Stored items
● ● ● ●
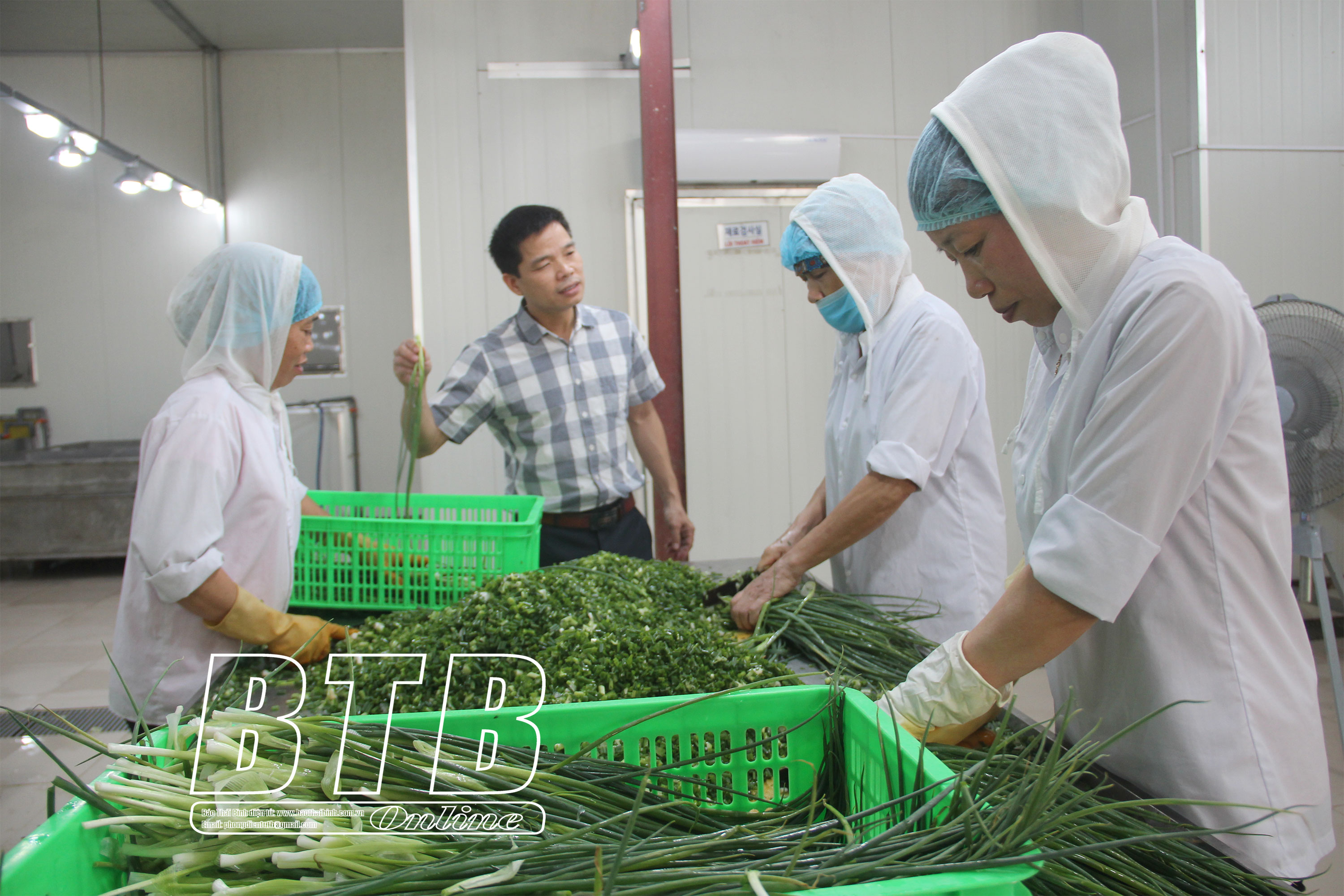 Chế biến hành tại Công ty Cổ phần Nông sản - Thương mại dịch vụ Thanh Nhàn (Quỳnh Phụ).
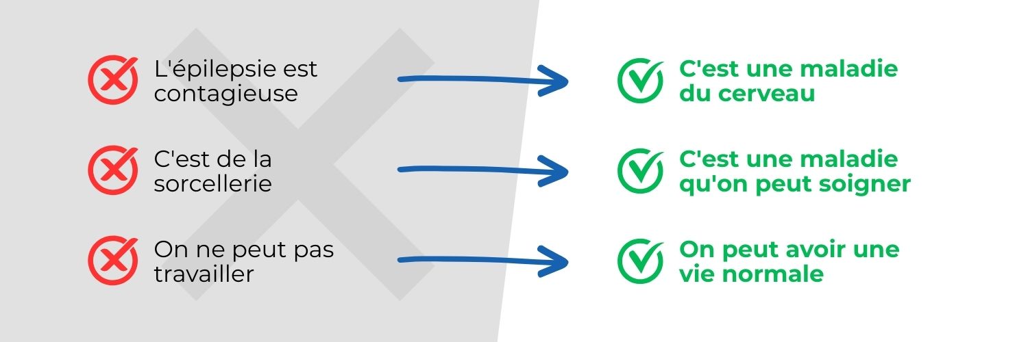 La vérité : L'épilepsie est une maladie du cerveau qu'on peut soigner avec des médicaments. Elle ne se transmet pas d'une personne à l'autre. Ce n'est ni de la sorcellerie ni une punition.
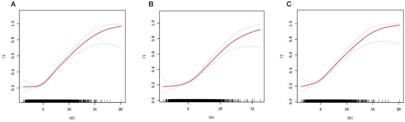 The findings of the weighted multivariate logistic regression analysis are summarized in Table 2. In model 1 (unadjusted), the prevalence of frailty increased 1.36 times for every unit rise in BRI (OR: 1.36, 95% CI: 1.30, 1.41; p < 0.0001); in model 2 (adjusted for age, sex, race, and education), the OR was 1.37 (95% CI: 1.31, 1.43; p < 0.0001). In fully adjusted model 3, the prevalence of frailty increased by 34% per 1-unit increase in BRI (OR: 1.34, 95% CI: 1.28, 1.40; p < 0.0001). Furthermore, Table 2 shows that the highest BRI group had a substantially higher prevalence of frailty than the lowest BRI group when BRI was classified (OR = 3.49, 95% CI: 2.83–4.30; p < 0.0001).
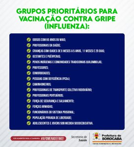 Já, as vacinas contra a gripe (Influenza), para idosos com 60 anos ou mais; profissionais da Saúde; crianças de seis meses a 5 anos, 11 meses e 29 dias; gestantes e puérperas; além de outras pessoas dos grupos prioritários (confira lista, em anexo) serão aplicadas ao longo da semana (2 a 5/5).
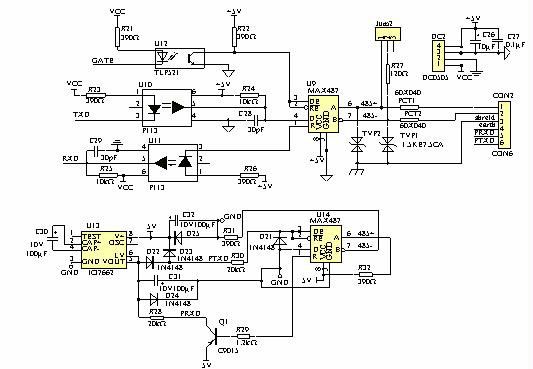 ②下半部分用于無源RS232→RS485的轉(zhuǎn)換電路,保證兩端同時(shí)可用,但在系統(tǒng)中只
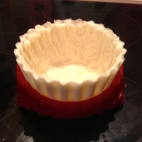 While the cakes are cooling, wash and dry the bottom cupcake pan ready to make the cupcake case. Melt half the chocolate/candy melts and pour into the bottom cupcake pan. Spread evenly up the sides using a pastry brush. Refrigerate for 20 minutes and then repeat with the remaining melts. Refrigerate for 30 minutes and then gently peel off the silicone mould.
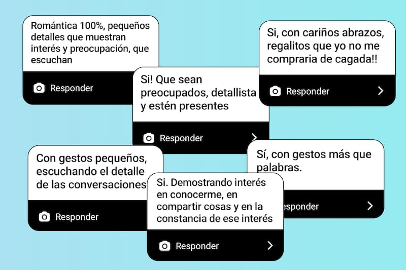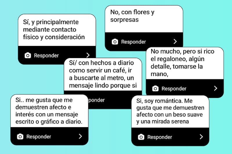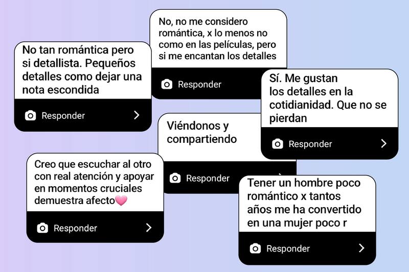 No se trata de una muestra representativa, pero coincide con un ejercicio que hicimos con nuestras lectoras a través de Instagram. Frente a las preguntas: ¿Te consideras romántica? y ¿Cómo te gusta que te demuestren afecto?, la mayoría respondió coincidentemente con los resultados de la encuesta de Bumble: “Me considero romántica y me gustan los pequeños gestos amorosos”. “Me gusta que me muestren afecto con detalles, mensajes, canciones, acordándose de algo que me gusta”. “Un poco romántica. Que se anticipen, resuelvan y estén atentos a ti”. “Romántica 100%. Me gustan los pequeños detalles que muestran interés y preocupación, que escuchan”. Fueron algunas de las respuestas.
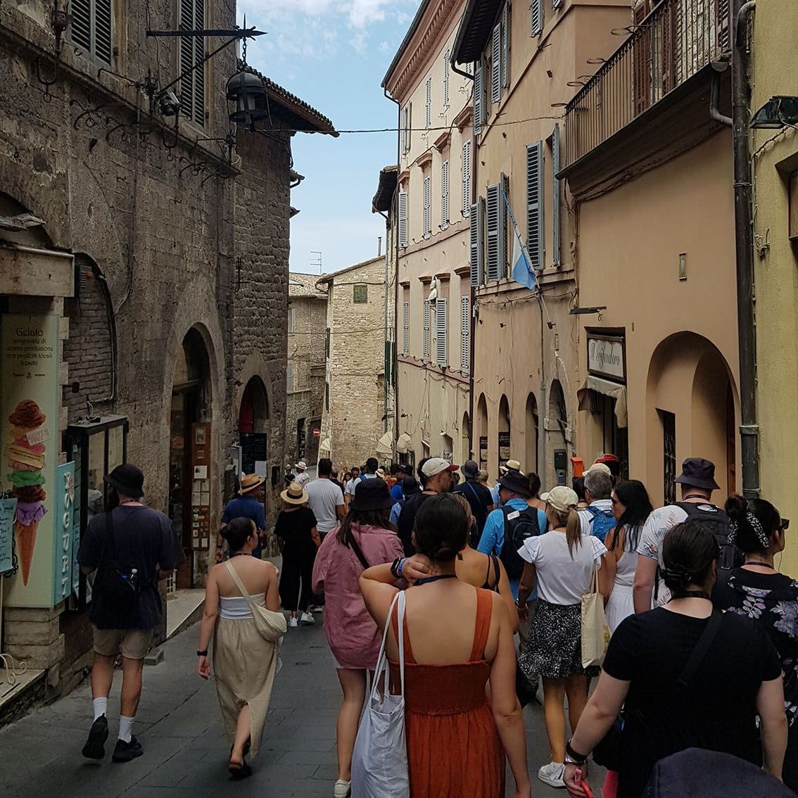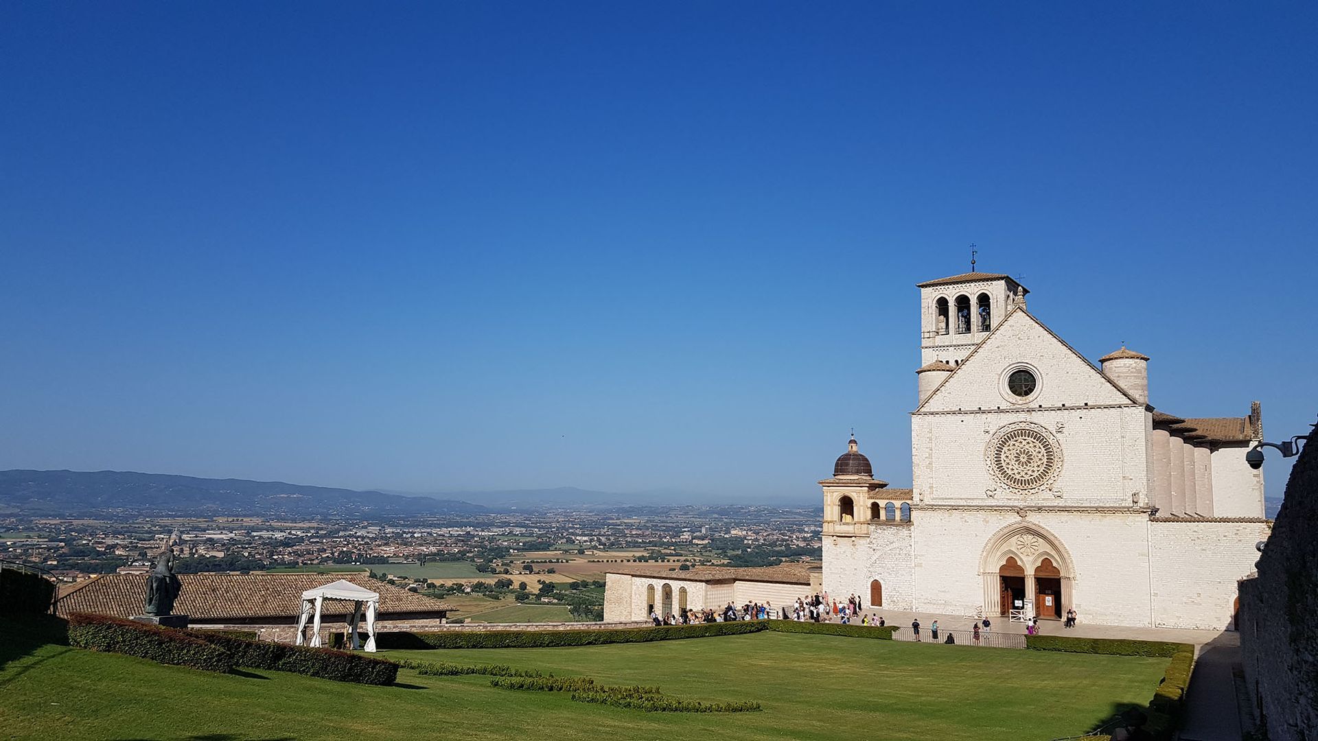 Pictured: Basilica of St Francis of Assisi, and emerging leaders exploring the streets of Assisi
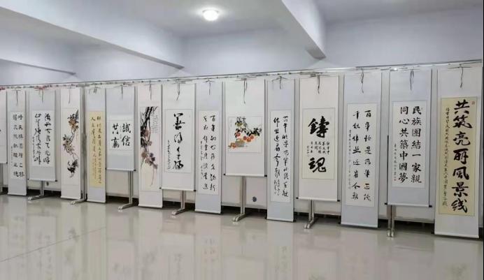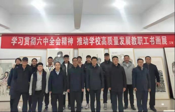 在建党百年之际,为了深入学习贯彻党的十九届六中全会精神,传承红色精神,铸牢中华民共同体意识,弘扬中华优秀传统文化,推进学校美育教育,加强校园文化建设,深化文明校园创建,推动学校“十四五”高质量发展,凝心聚力,鼓舞士气,12月9日下午,由校工会主办、美术学院和书画学会承办,在泉山校区逸夫楼十楼教工之家成功举办了庆祝建党百年主题教职工书画展览。
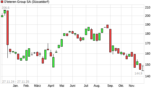 Mit dem Rücksetzer auf 144,60 EUR hat die D'ieteren-Aktie (ISIN BE0974259880) am 26.11.2025 ein neues 12-Monats-Tief erreicht und damit den Kurs vom 21.11.2025 eingestellt.Die D'ieteren-Aktie ...weiterlesen
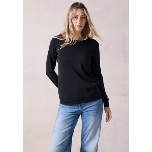 CECIL damestrui in fijn breisel, Damestrui, Ronde hals met rolzoom, Lange mouwen met manchetten, Gebreid detail op de schouder, Zachte katoenmix
● ● ● ●
#### [Problem]
Write the data out again exactly, but without its images.

#### [Response area]
 Chế biến hành tại Công ty Cổ phần Nông sản - Thương mại dịch vụ Thanh Nhàn (Quỳnh Phụ).
 La vérité : L'épilepsie est une maladie du cerveau qu'on peut soigner avec des médicaments. Elle ne se transmet pas d'une personne à l'autre. Ce n'est ni de la sorcellerie ni une punition.
 The findings of the weighted multivariate logistic regression analysis are summarized in Table 2. In model 1 (unadjusted), the prevalence of frailty increased 1.36 times for every unit rise in BRI (OR: 1.36, 95% CI: 1.30, 1.41; p < 0.0001); in model 2 (adjusted for age, sex, race, and education), the OR was 1.37 (95% CI: 1.31, 1.43; p < 0.0001). In fully adjusted model 3, the prevalence of frailty increased by 34% per 1-unit increase in BRI (OR: 1.34, 95% CI: 1.28, 1.40; p < 0.0001). Furthermore, Table 2 shows that the highest BRI group had a substantially higher prevalence of frailty than the lowest BRI group when BRI was classified (OR = 3.49, 95% CI: 2.83–4.30; p < 0.0001).
 Já, as vacinas contra a gripe (Influenza), para idosos com 60 anos ou mais; profissionais da Saúde; crianças de seis meses a 5 anos, 11 meses e 29 dias; gestantes e puérperas; além de outras pessoas dos grupos prioritários (confira lista, em anexo) serão aplicadas ao longo da semana (2 a 5/5).
 ②下半部分用于無源RS232→RS485的轉(zhuǎn)換電路,保證兩端同時(shí)可用,但在系統(tǒng)中只
 While the cakes are cooling, wash and dry the bottom cupcake pan ready to make the cupcake case. Melt half the chocolate/candy melts and pour into the bottom cupcake pan. Spread evenly up the sides using a pastry brush. Refrigerate for 20 minutes and then repeat with the remaining melts. Refrigerate for 30 minutes and then gently peel off the silicone mould.
 No se trata de una muestra representativa, pero coincide con un ejercicio que hicimos con nuestras lectoras a través de Instagram. Frente a las preguntas: ¿Te consideras romántica? y ¿Cómo te gusta que te demuestren afecto?, la mayoría respondió coincidentemente con los resultados de la encuesta de Bumble: “Me considero romántica y me gustan los pequeños gestos amorosos”. “Me gusta que me muestren afecto con detalles, mensajes, canciones, acordándose de algo que me gusta”. “Un poco romántica. Que se anticipen, resuelvan y estén atentos a ti”. “Romántica 100%. Me gustan los pequeños detalles que muestran interés y preocupación, que escuchan”. Fueron algunas de las respuestas.
 Pictured: Basilica of St Francis of Assisi, and emerging leaders exploring the streets of Assisi
 在建党百年之际,为了深入学习贯彻党的十九届六中全会精神,传承红色精神,铸牢中华民共同体意识,弘扬中华优秀传统文化,推进学校美育教育,加强校园文化建设,深化文明校园创建,推动学校“十四五”高质量发展,凝心聚力,鼓舞士气,12月9日下午,由校工会主办、美术学院和书画学会承办,在泉山校区逸夫楼十楼教工之家成功举办了庆祝建党百年主题教职工书画展览。
 Mit dem Rücksetzer auf 144,60 EUR hat die D'ieteren-Aktie (ISIN BE0974259880) am 26.11.2025 ein neues 12-Monats-Tief erreicht und damit den Kurs vom 21.11.2025 eingestellt.Die D'ieteren-Aktie ...weiterlesen
 CECIL damestrui in fijn breisel, Damestrui, Ronde hals met rolzoom, Lange mouwen met manchetten, Gebreid detail op de schouder, Zachte katoenmix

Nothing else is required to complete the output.